您好,近期发现在使用aspose words读取doc文档时,会将文档中的批注一起读出来。
查阅相关资料,发现使用如下操作:
com.aspose.words.Document document = new com.aspose.words.Document(docStream); document.getLayoutOptions().setShowComments(Boolean.FALSE); document.acceptAllRevisions();
这样虽然在doc转PDF时,能将批注去掉。但是真实在读取时,其实批注还是存在的。
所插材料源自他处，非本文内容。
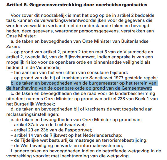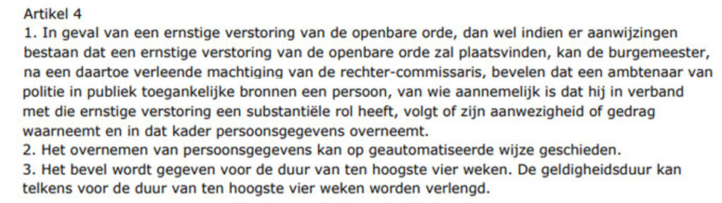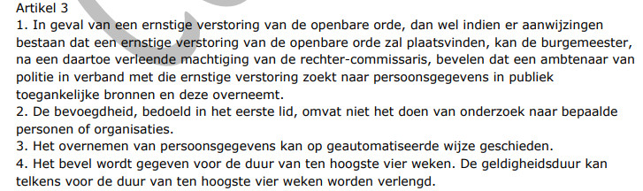 En nu dus ook hier. De nieuwe wet creëert nieuwe bevoegdheden voor de burgemeester en de politie om persoonsgegevens te verzamelen. Het gaat dan om het algemeen verzamelen van persoonsgegevens (artikel 3), en het zoeken naar specifieke personen (artikel 4).

请问有什么方法能够真正的删除doc中的批注,使得读出的是文档的正文内容?谢谢
附相关代码
public List<String> readDoc(InputStream docStream) throws Exception {
List<String> paragraphTexts = Lists.newArrayList();
com.aspose.words.Document document = new com.aspose.words.Document(docStream);
document.getLayoutOptions().setShowComments(Boolean.FALSE);
document.acceptAllRevisions();
removeWordHeaderFooter(document);
document.updateListLabels();
NodeCollection childNodes = document.getChildNodes(NodeType.PARAGRAPH, true);
for (Paragraph paragraph : (Iterable<Paragraph>) childNodes) {
String paragraphText = paragraph.toString(SaveFormat.TEXT).replaceAll("\\r|\\n|\\t| ", StringUtils.EMPTY);
paragraphText = StringUtils.deleteWhitespace(paragraphText);
List<String> list = Lists.newArrayList(paragraphText.split("。|!|?"));
paragraphTexts.addAll(list);
}
return paragraphTexts;
}
private void removeWordHeaderFooter(com.aspose.words.Document doc) {
for (Section section : doc.getSections()) {
HeaderFooterCollection headersFooters = section.getHeadersFooters();
for (HeaderFooter headerFooter : headersFooters) {
headerFooter.remove();
}
}
}